What I dug out of Wikidata

Debloating multilingual splits

Decimating Big Data
Schema sniped
- Known schema hardening

Decimating Big Data

Unlike web scraped datasets, you're entirely within your rights to do as you wish with Wikidata.

I wasn't too happy when the BBC recently sent me a copyright strike through HuggingFace, after I'd proudly reprocessed and distributed a subset of HuggingFace's own FineWeb dataset, dedicated to news articles that could be sifted out of the 'web scale' HuggingFace Fineweb dataset. The grounds for a DMCA Notice were that it contained material from BBC websites, though there was no right to reply I did wonder how can a subset of a dataset be in violation of copyright yet the full set not? Answer unclear.

Wikidata on the other hand is firmly in the open data category, and so we should really be trying to do all we can with it.

I have of course used queries on Wikidata through SPARQL/RDF linked data web services, but there's something inherently inferior to servitised and partial approaches.

Once you move past the JSON munging side, which I wrote about recently, you find that what appears on disk to be 1.5TB can be split by language to leave you with an English subset of just ~100 GB. The repo I developed this in is on GitHub, but I want to talk about the data (the knowledge it represents) more than techniques here.

This is worth pausing to appreciate: 95% shrinkage represents a qualitative change.

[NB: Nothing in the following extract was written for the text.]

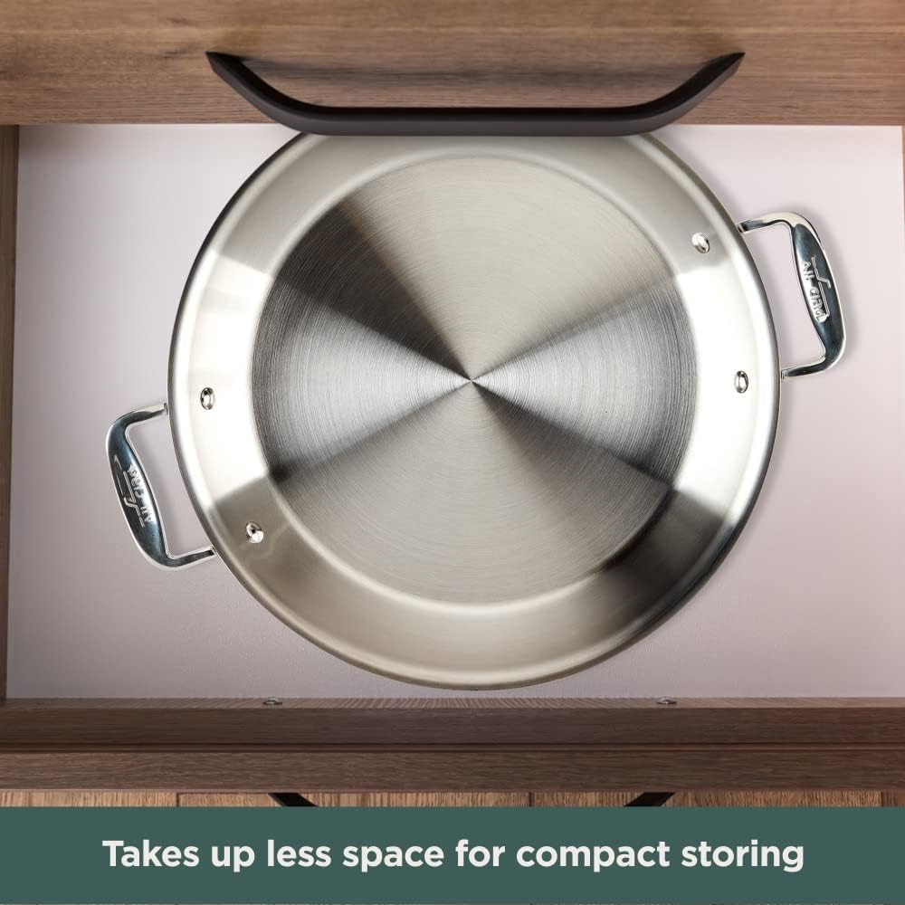 5-ply bonded development with alternating layers of chrome steel and aluminum for warp-free sturdiness and supremely even heating that eliminates hotspots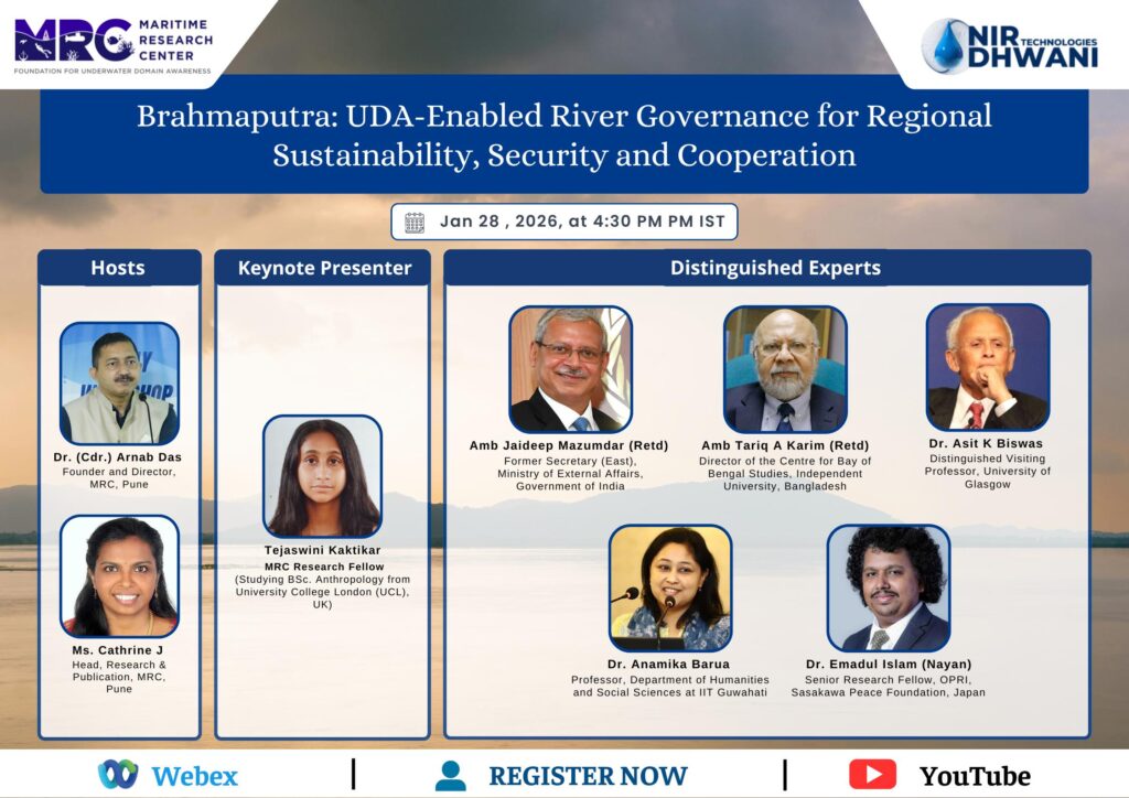 The webinar presents the Brahmaputra River as a dynamic transboundary socio-ecological and strategic system, proposing Underwater Domain Awareness (UDA) and Marine Spatial Planning (MSP) as integrated governance tools to move beyond conventional river management. It addresses challenges related to climate change, flooding, sediment transport, riverbed morphology, ecosystem degradation, navigation, and underwater acoustic environments, while also engaging with geopolitical sensitivities, water diplomacy, and regional security. By bringing together interdisciplinary and cross-border perspectives, the forum aims to strengthen sustainable river governance, climate resilience, and cooperative frameworks across the Brahmaputra basin.

A 'bulk' dataset in the terabytes exists to be kept on a dedicated disk or nibbled away at, never loaded into memory in its entirety, and completely inaccessible without a server-level machine. While the 'data engineering' work is intellectually stimulating in its own right, far more so is the prospect of having all the facts in the known English language Wikiverse simply... to hand.

Schema sniped

I spent a lot of time working out a way to repeatedly point a JSON schema inference tool at the Wikidata claims dataset (500+ chunks each in batch files of ~1818 rows).

Known schema hardening

Duck typing "work on the basis of an implied schema, else crash downstream" (unknown/unknown) vs. runtime validation "assume an explicit schema, crash if incorrect" (known/unknown) are still just the first 2 parts of a grid whose quadrants index expected data model/actual data type.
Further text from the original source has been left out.